Using Spark's default log4j profile: org/apache/spark/log4j2-defaults.properties
25/08/21 10:34:47 WARN Utils: Your hostname, Lanz-Lenovo, resolves to a loopback address: 127.0.1.1; using 192.168.1.145 instead (on interface wlp2s0)
25/08/21 10:34:47 WARN Utils: Set SPARK_LOCAL_IP if you need to bind to another address
Using Spark's default log4j profile: org/apache/spark/log4j2-defaults.properties
Setting default log level to "WARN".
To adjust logging level use sc.setLogLevel(newLevel).

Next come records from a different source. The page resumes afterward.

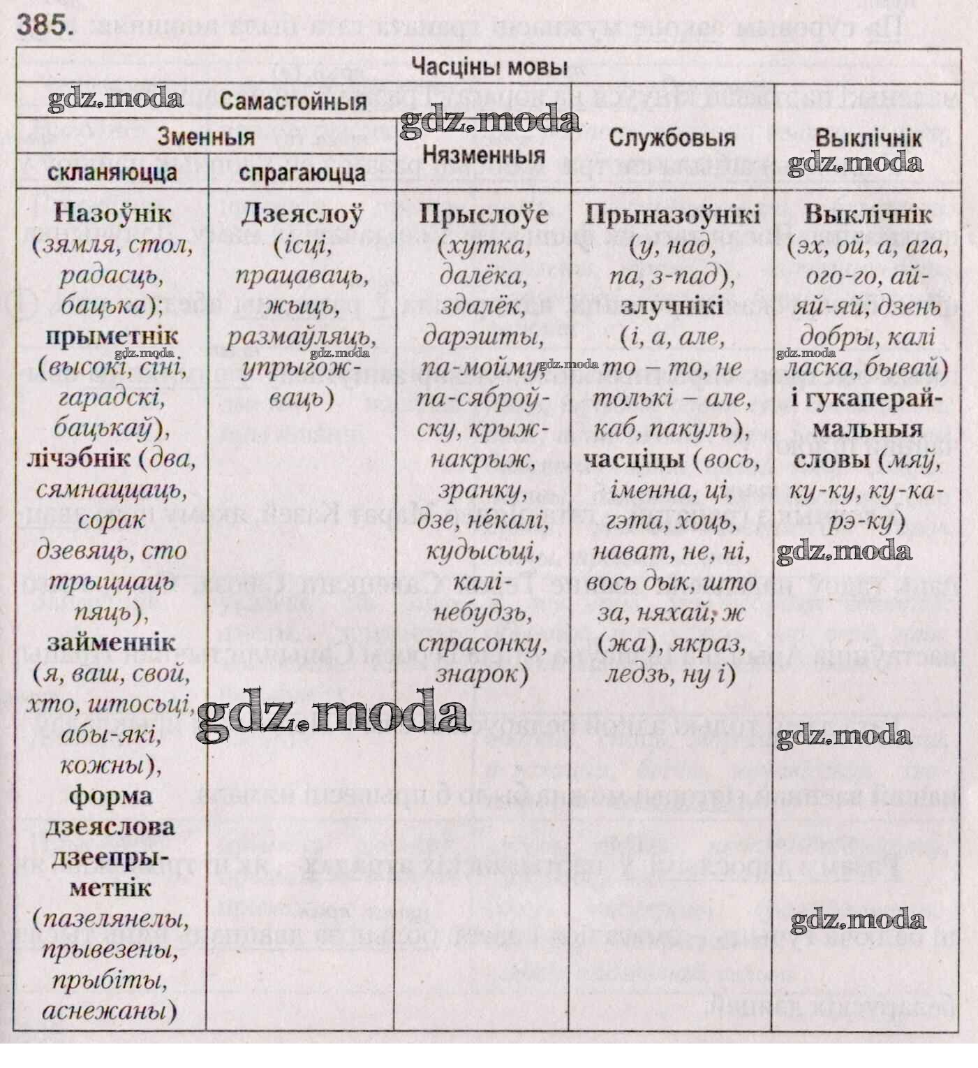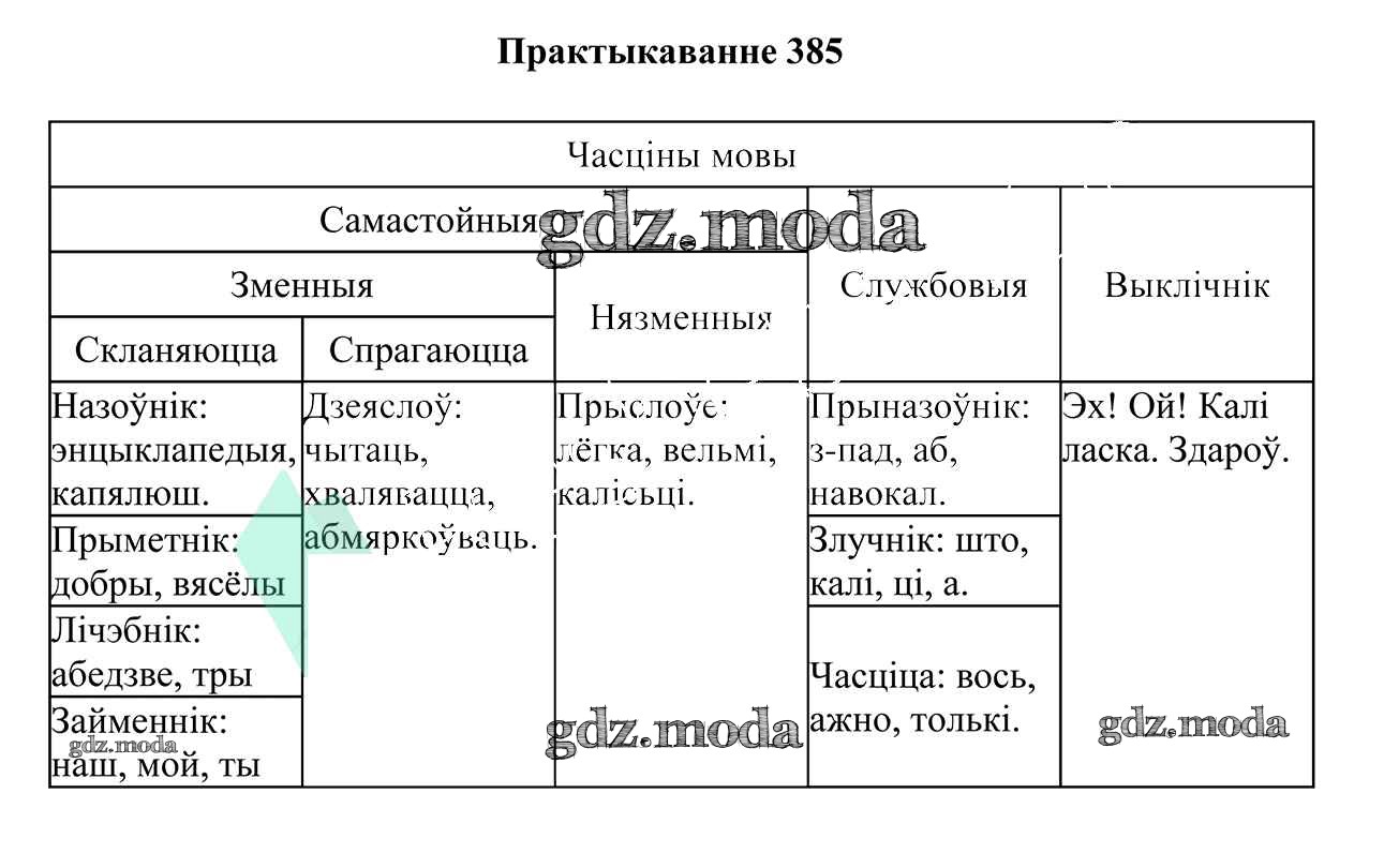 ГДЗ решение к заданию № 385 Белоруская мова 7 класс Валочка Г. М. Национальный институт образования 2020 ФГОС бесплатно на гдз.мода!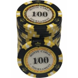 25 glinenih poker žetonov "Monte Carlo" z denominacijo 100, črno-rumene barve ter teže 13,5gr.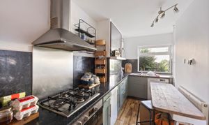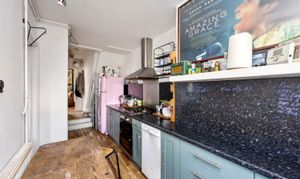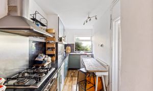 To the rear, the kitchen is well-equipped with ample wall and base units, plenty of countertop surface with a matching splash-back as well as space for white goods - all the while enjoying an attractive outlook over the rear garden.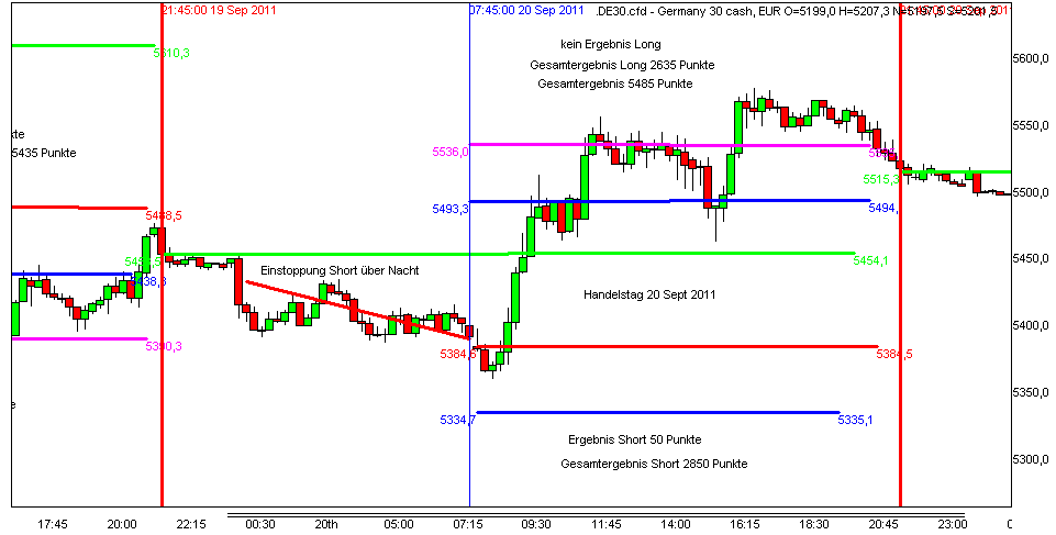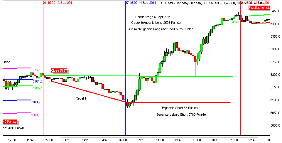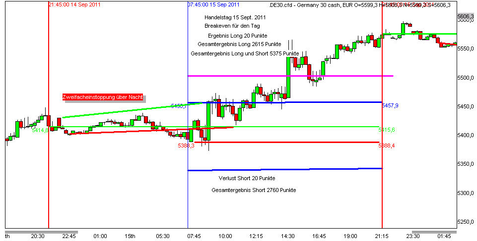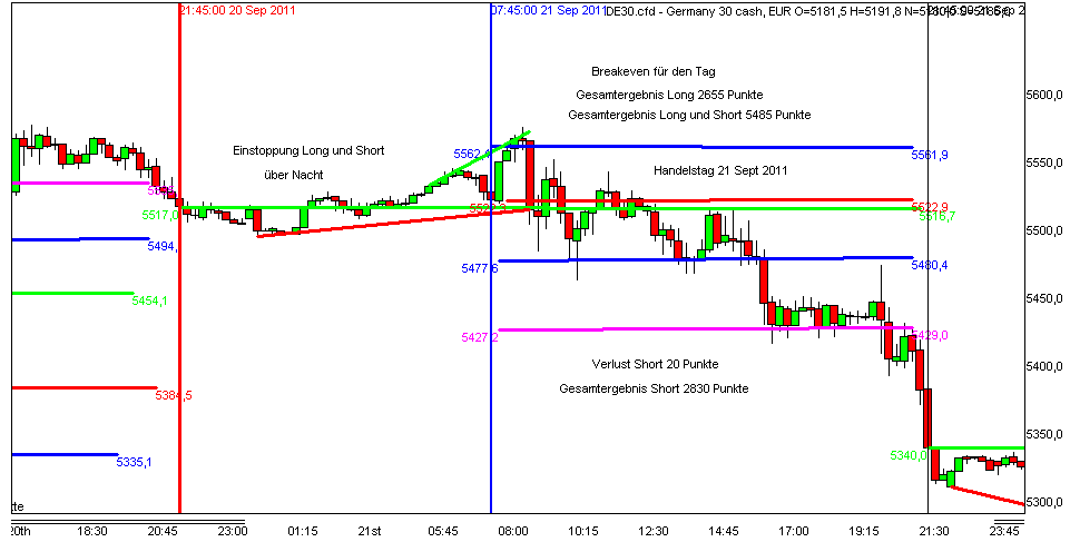 Handelstag 21 Sept. Breakeven nach Regel 5.2 ohne Trendtag.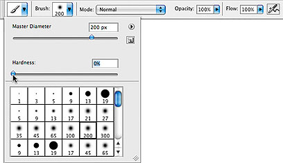 הקישו על מקש האות D, על מנת לוודא כי צבע החזית יהיה לבן. בחלון הכלים, בחר בכלי המכחול, בחרו במברשת רכה, וודא כי אטימות המברשת היא 100%. מקמו את הסמן מעל לאזור השמים, קבע את קוטר המברשת המתאים (היעזר במקשי הסוגריים הרבועים), לחצו וציירו באזור השמים. הקפידו על עבודה סבלנית, במיוחד באזורי המפגש של השמים עם פרטים אחרים בתמונה. בעת הצורך, הקטינו את המברשת על מנת לצייר במקומות צפופים. במקרה שחשפתם את הצבע הכחול במקומות לא רצויים, הקישו על מקש האות X על מנת לקבוע צבע חזית שחור וציירו עליהם עד להעלמת הצבע שאינו רצוי.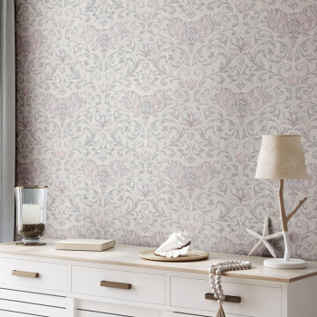 Tapéta, szürke-bézs, rózsaszín, ornamentika, 35150, City Romance, Marburg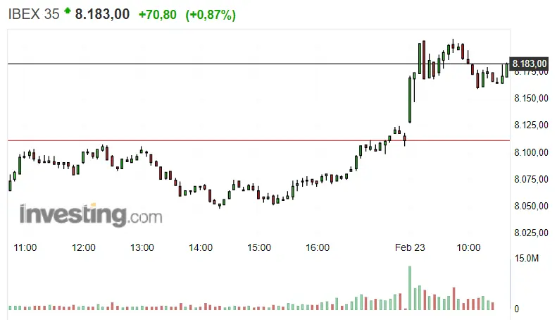 Gráfico del índice Ibex 35 en un espacio de tiempo de un día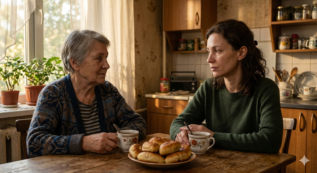 Когда Сергей вернулся вечером, он нашёл жену и мать за столом с пустой тарелкой и двумя кружками. Они разговаривали — без привычного напряжения, которое он научился чувствовать ещё с порога. Просто разговаривали, как два человека, которые наконец решили посмотреть друг на друга без заранее заготовленных претензий.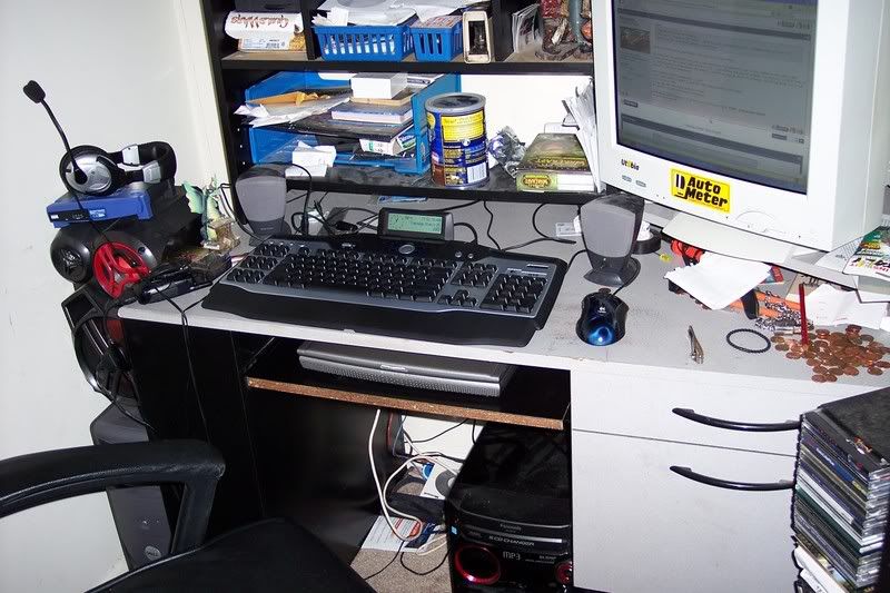 2.66ghz p4 1gb 333 DDR Original R9800 Pro. (not that new crap) 250gb HDD G15 MX510 Soundblaster Audigy2 Harman/Kardon 2.1 set. (It's basically still an oldschool Dell 8300 with some addons. No money to build the one I want) Lappy (tuning computer/IM): 2.60ghz Celeron 512mb SDR (Again, pretty much a Dell Inspirion 1150 with extra ram. No money to get something better, haha) Yes, it's all hooked into that stereo underneath.

For SparkR, use setLogLevel(newLevel).
25/08/21 10:34:48 WARN NativeCodeLoader: Unable to load native-hadoop library for your platform... using builtin-java classes where applicable
25/08/21 10:34:49 WARN Utils: Service 'SparkUI' could not bind on port 4040. Attempting port 4041.


In [3]:
data = spark.read.csv('Meal_Info.csv', inferSchema=True, header=True)

In [4]:
data.show()

+-------+------+------+--------+--------------------+
|movieId|rating|userId|mealskew|           meal_name|
+-------+------+------+--------+--------------------+
|      2|   3.0|     0|     2.0|       Chicken Curry|
|      3|   1.0|     0|     3.0|Spicy Chicken Nug...|
|      5|   2.0|     0|     5.0|           Hamburger|
|      9|   4.0|     0|     9.0|       Taco Surprise|
|     11|   1.0|     0|    11.0|            Meatloaf|
|     12|   2.0|     0|    12.0|        Ceaser Salad|
|     15|   1.0|     0|    15.0|            BBQ Ribs|
|     17|   1.0|     0|    17.0|         Sushi Plate|
|     19|   1.0|     0|    19.0|Cheesesteak Sandw...|
|     21|   1.0|     0|    21.0|             Lasagna|
|     23|   1.0|     0|    23.0|      Orange Chicken|
|     26|   3.0|     0|    26.0|    Spicy Beef Plate|
|     27|   1.0|     0|    27.0|Salmon with Mashe...|
|     28|   1.0|     0|    28.0| Penne Tomatoe Pasta|
|     29|   1.0|     0|    29.0|        Pork Sliders|
|     30|   1.0|     0|    3

In [5]:
data_not_null = data.na.drop()

In [6]:
data_not_null.describe().show()

25/08/21 10:34:56 WARN SparkStringUtils: Truncated the string representation of a plan since it was too large. This behavior can be adjusted by setting 'spark.sql.debug.maxToStringFields'.
[Stage 3:>                                                          (0 + 1) / 1]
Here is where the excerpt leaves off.